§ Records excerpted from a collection
• • • • • • •
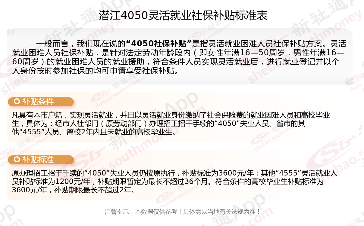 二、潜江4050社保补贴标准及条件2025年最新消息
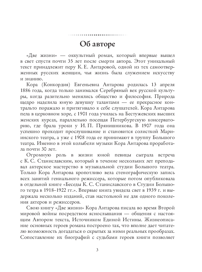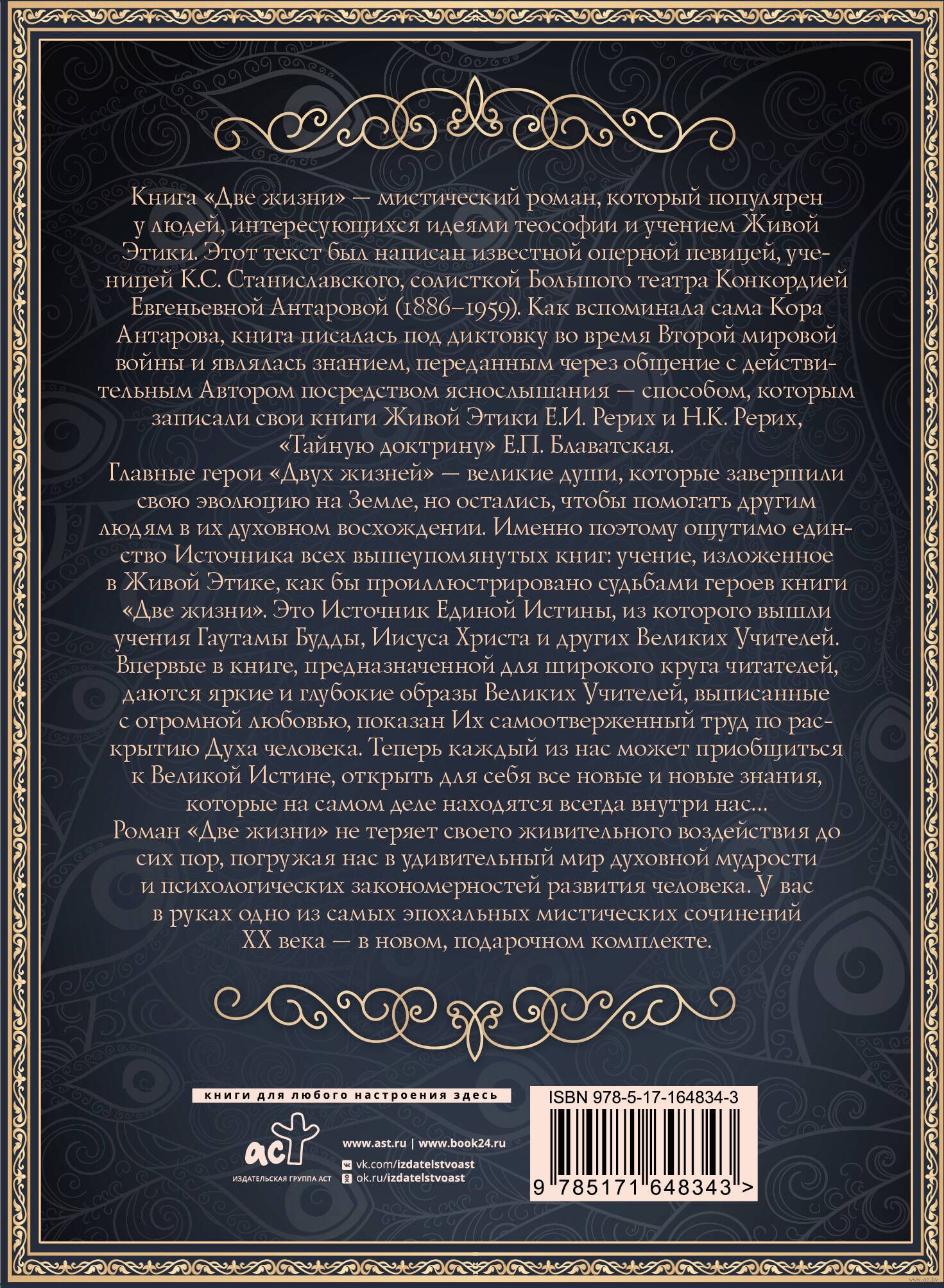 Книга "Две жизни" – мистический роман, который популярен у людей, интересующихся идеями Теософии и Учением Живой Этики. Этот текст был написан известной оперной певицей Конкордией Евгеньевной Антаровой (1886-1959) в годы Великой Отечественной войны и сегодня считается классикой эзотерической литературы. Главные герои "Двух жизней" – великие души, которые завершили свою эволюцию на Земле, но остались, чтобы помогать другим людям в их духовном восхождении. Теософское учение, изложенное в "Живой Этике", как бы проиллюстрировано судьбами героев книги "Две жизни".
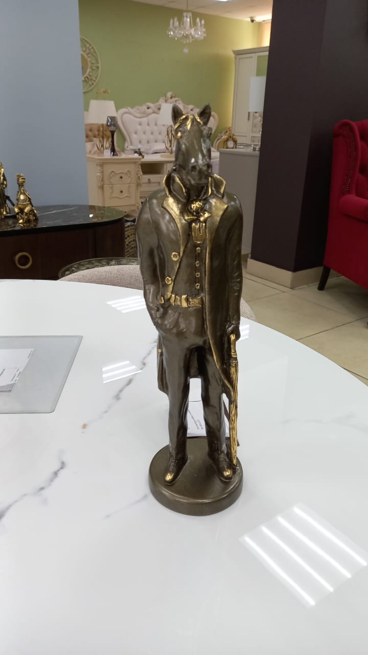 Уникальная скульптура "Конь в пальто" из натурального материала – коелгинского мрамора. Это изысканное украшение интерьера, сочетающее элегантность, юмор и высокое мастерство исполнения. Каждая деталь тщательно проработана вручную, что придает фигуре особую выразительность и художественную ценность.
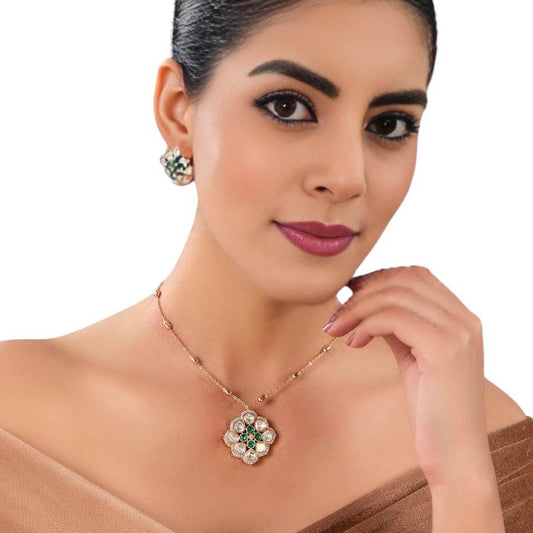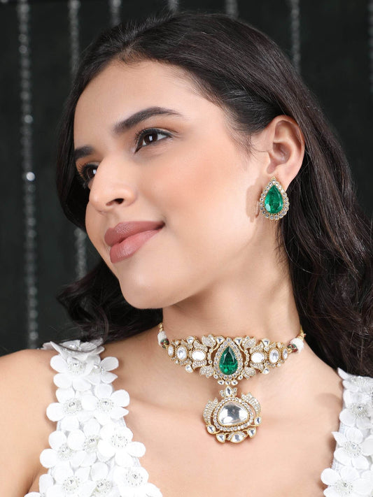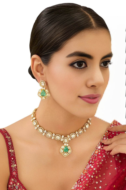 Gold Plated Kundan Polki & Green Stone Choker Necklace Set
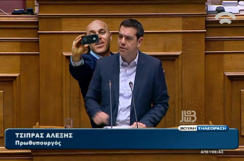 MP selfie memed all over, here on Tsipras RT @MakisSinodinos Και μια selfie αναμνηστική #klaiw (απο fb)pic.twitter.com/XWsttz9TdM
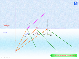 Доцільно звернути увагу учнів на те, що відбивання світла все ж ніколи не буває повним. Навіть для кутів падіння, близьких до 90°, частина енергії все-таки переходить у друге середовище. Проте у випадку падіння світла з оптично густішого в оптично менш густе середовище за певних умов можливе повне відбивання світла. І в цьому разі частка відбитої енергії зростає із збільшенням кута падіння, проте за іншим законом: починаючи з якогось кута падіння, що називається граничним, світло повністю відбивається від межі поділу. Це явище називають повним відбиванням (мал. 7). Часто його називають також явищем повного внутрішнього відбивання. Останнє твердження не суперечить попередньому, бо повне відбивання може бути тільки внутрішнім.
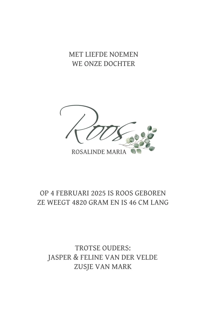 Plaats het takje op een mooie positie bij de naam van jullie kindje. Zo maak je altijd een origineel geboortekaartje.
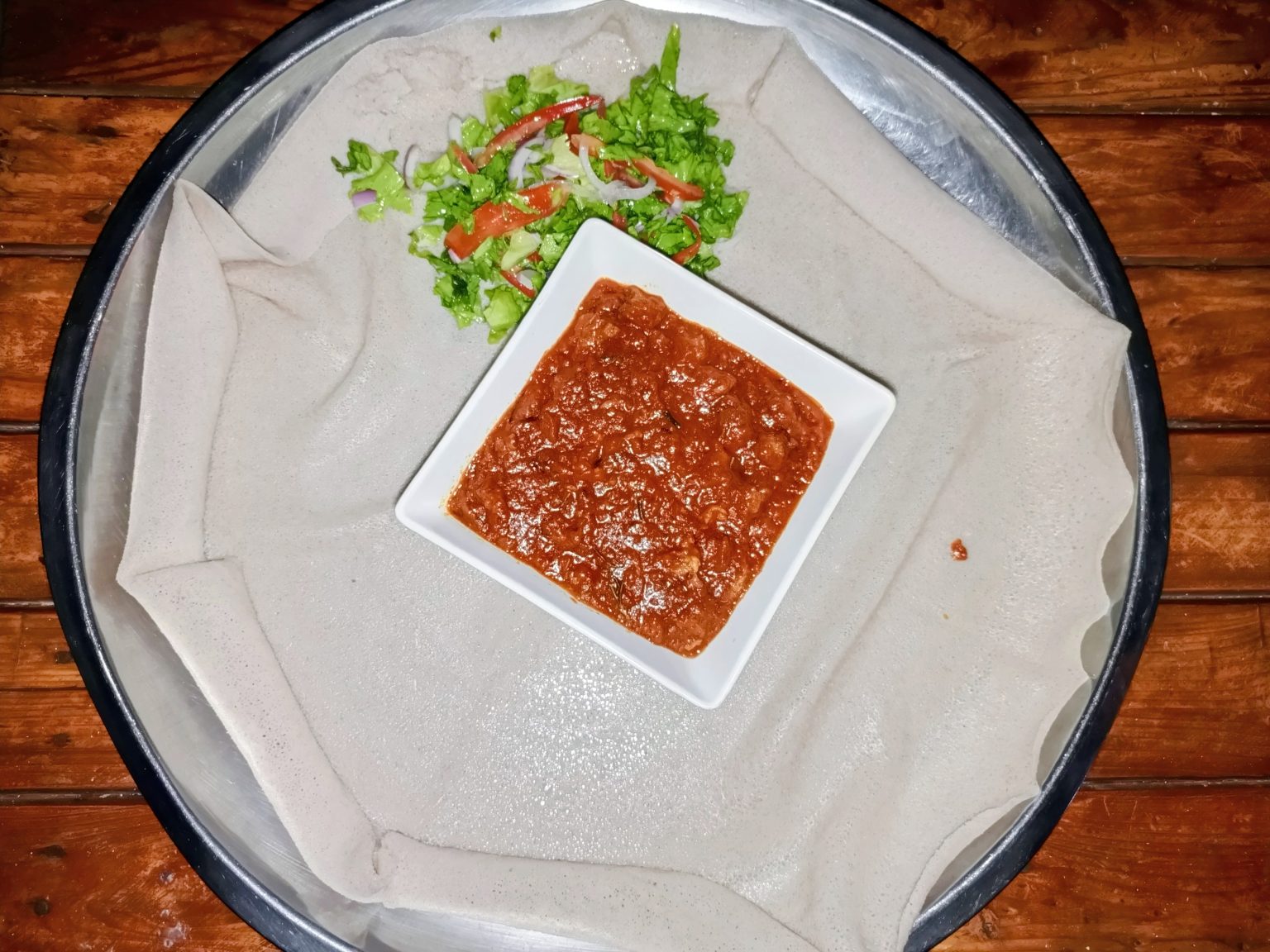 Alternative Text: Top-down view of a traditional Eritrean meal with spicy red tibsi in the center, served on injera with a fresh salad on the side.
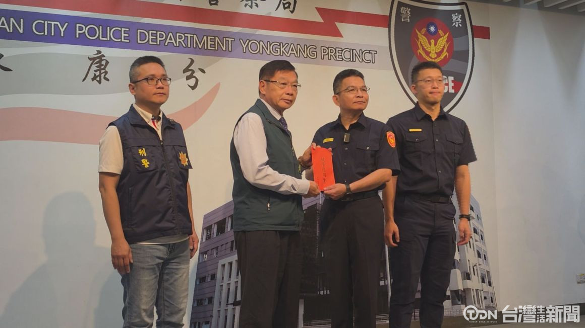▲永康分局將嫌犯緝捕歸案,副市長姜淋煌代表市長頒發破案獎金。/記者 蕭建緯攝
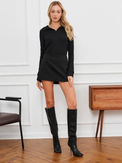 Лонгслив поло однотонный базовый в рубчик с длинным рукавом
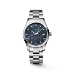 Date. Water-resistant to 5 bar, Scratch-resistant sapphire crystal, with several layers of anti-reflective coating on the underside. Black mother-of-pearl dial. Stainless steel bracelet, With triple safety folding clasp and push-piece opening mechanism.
• • • • • • •
§ TASK ITEM
Please return the records above exactly as written, dropping every picture.

§ EXERCISE OUTPUT
 二、潜江4050社保补贴标准及条件2025年最新消息
 Книга "Две жизни" – мистический роман, который популярен у людей, интересующихся идеями Теософии и Учением Живой Этики. Этот текст был написан известной оперной певицей Конкордией Евгеньевной Антаровой (1886-1959) в годы Великой Отечественной войны и сегодня считается классикой эзотерической литературы. Главные герои "Двух жизней" – великие души, которые завершили свою эволюцию на Земле, но остались, чтобы помогать другим людям в их духовном восхождении. Теософское учение, изложенное в "Живой Этике", как бы проиллюстрировано судьбами героев книги "Две жизни".
 Уникальная скульптура "Конь в пальто" из натурального материала – коелгинского мрамора. Это изысканное украшение интерьера, сочетающее элегантность, юмор и высокое мастерство исполнения. Каждая деталь тщательно проработана вручную, что придает фигуре особую выразительность и художественную ценность.
 Gold Plated Kundan Polki & Green Stone Choker Necklace Set
 MP selfie memed all over, here on Tsipras RT @MakisSinodinos Και μια selfie αναμνηστική #klaiw (απο fb)pic.twitter.com/XWsttz9TdM
 Доцільно звернути увагу учнів на те, що відбивання світла все ж ніколи не буває повним. Навіть для кутів падіння, близьких до 90°, частина енергії все-таки переходить у друге середовище. Проте у випадку падіння світла з оптично густішого в оптично менш густе середовище за певних умов можливе повне відбивання світла. І в цьому разі частка відбитої енергії зростає із збільшенням кута падіння, проте за іншим законом: починаючи з якогось кута падіння, що називається граничним, світло повністю відбивається від межі поділу. Це явище називають повним відбиванням (мал. 7). Часто його називають також явищем повного внутрішнього відбивання. Останнє твердження не суперечить попередньому, бо повне відбивання може бути тільки внутрішнім.
 Plaats het takje op een mooie positie bij de naam van jullie kindje. Zo maak je altijd een origineel geboortekaartje.
 Alternative Text: Top-down view of a traditional Eritrean meal with spicy red tibsi in the center, served on injera with a fresh salad on the side.
▲永康分局將嫌犯緝捕歸案,副市長姜淋煌代表市長頒發破案獎金。/記者 蕭建緯攝
 Лонгслив поло однотонный базовый в рубчик с длинным рукавом
 Date. Water-resistant to 5 bar, Scratch-resistant sapphire crystal, with several layers of anti-reflective coating on the underside. Black mother-of-pearl dial. Stainless steel bracelet, With triple safety folding clasp and push-piece opening mechanism.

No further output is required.